Practical Considerations
With regard to the future application of Article 3 of the SPC
Regulation, earlier MAs for the same API might no longer be
prejudicial to the grant of an SPC relying on a later MA, as long
as the later MA concerns another medical indication or a new
"therapeutic application," respectively. Given that in
the case in question, the new "therapeutic application"

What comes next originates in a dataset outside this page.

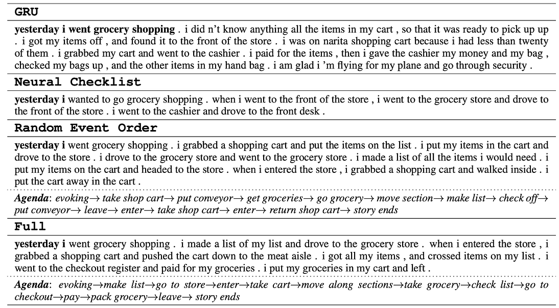 Let’s see what kind of stories this model can generate. Here is a comparison of several approaches, with the full model in the last place. It is clear that the full model is indeed able to generate the most coherent story that best adheres to the agenda:

was not only a new route of application in the narrow,
pharmaceutical sense, but a new application in a different species
and different indication, it is fair to conclude that new
"therapeutic applications" at least encompasses new
indications. It is open, however, whether other line extensions
(new formulations, new routes of administration, dosage regimes,
unit dosage forms, etc.) would be equally deemed new
"therapeutic applications," i.e., in cases where the API
has already been used in the same indication.

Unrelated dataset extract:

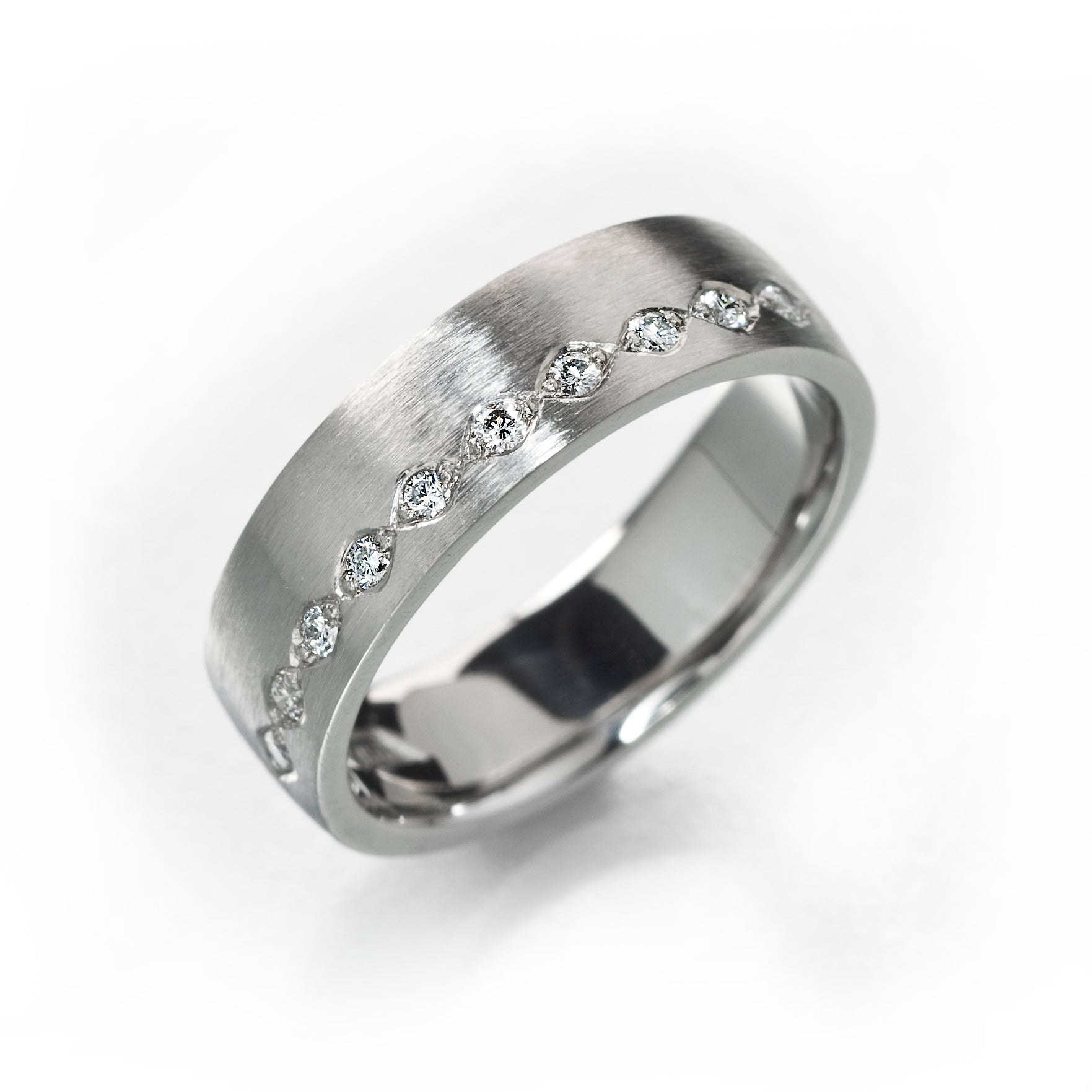 Hienostunut ja vahva muunnelma perinteisestä rivitimanttisormuksesta.

In addition, the impact of the MIT case (C-431/04) remains
unclear, as it was not discussed in either the opinion of the
Advocate General leading up to the Neurim decision or in the
decision of the Court itself. In MIT, an SPC for a new formulation
was denied. However, that case turned on the definition in Article
1 of the SPC Regulation of "combination of active
ingredients" and the question of whether the combination of an
API and excipient as a (pharmaceutically relevant) carrier was a
combination of "active ingredients" under the SPC
Regulation. The relationship of the basic patent (or its scope) to
the earlier product was not discussed. Also, in that case, the
basic patent would not have covered the use of the API in the
earlier approved product, given that the basic patent was
restricted to the new formulation.
Another open question is whether the nexus made by the Court
between the patent and use of the patent in the authorized
pharmaceutical ("the new therapeutic application of the same
active ingredient, as protected by the new patent") is merely
descriptive of the case at hand or a requirement. The wording of
Article 3 requires only a patent covering the API and an authorized
product using the API, but not an authorized product incorporating
the specific use of the API as claimed in the basic patent. For
example, a patent may claim use of X in the indication Y, and an
SPC could be claimed based on the authorization of X in the
indication Z (for what it is worth). If the nexus between patent
and label of the authorized pharmaceutical is a requirement, this
may result in validity issues for existing SPCs that refer only to
the use of the API.
As far as Article 13 of the SPC Regulation is concerned, the
wording of the Neurim ruling suggests that MAs concerning the same
active ingredient, which have been issued in another member state
of the European Union, should not be taken into consideration for
the calculation of the term of an SPC relying on a later MA, as
long as the later MA relates to a different therapeutic
application. Also in this case, the interpretation of the new
"therapeutic application" and the corresponding
limitations with regard to the basic patent, as discussed in the
preceding paragraphs, will have to be employed.
The rather broad and general wording of the decision is not
atypical for judgments of the Court. However, while a range of
questions on the precise scope of the decision remains, it is clear
that the less literal interpretation of Article 3 of the SPC
Regulation offers new opportunities to patent proprietors for
obtaining SPC protection in cases where an API has already been
authorized (and thus commercialized).
Following its recent judgments in the Medeva (C-322/10) and
Georgetown (C-422/10) cases, the European Court of Justice has
handed down another decision relating to the interpretation of the
SPC Regulations that will have considerable impact on the filing
and prosecution of patent term extensions. This will open new
strategies not only for the pharmaceutical and biotechnology
innovator industry seeking to extend the lifetime of their products
but also for generic companies trying to enter the market with
generic formulations or biosimilars.
The content of this article is intended to provide a general guide to the subject matter. Specialist advice should be sought about your specific circumstances.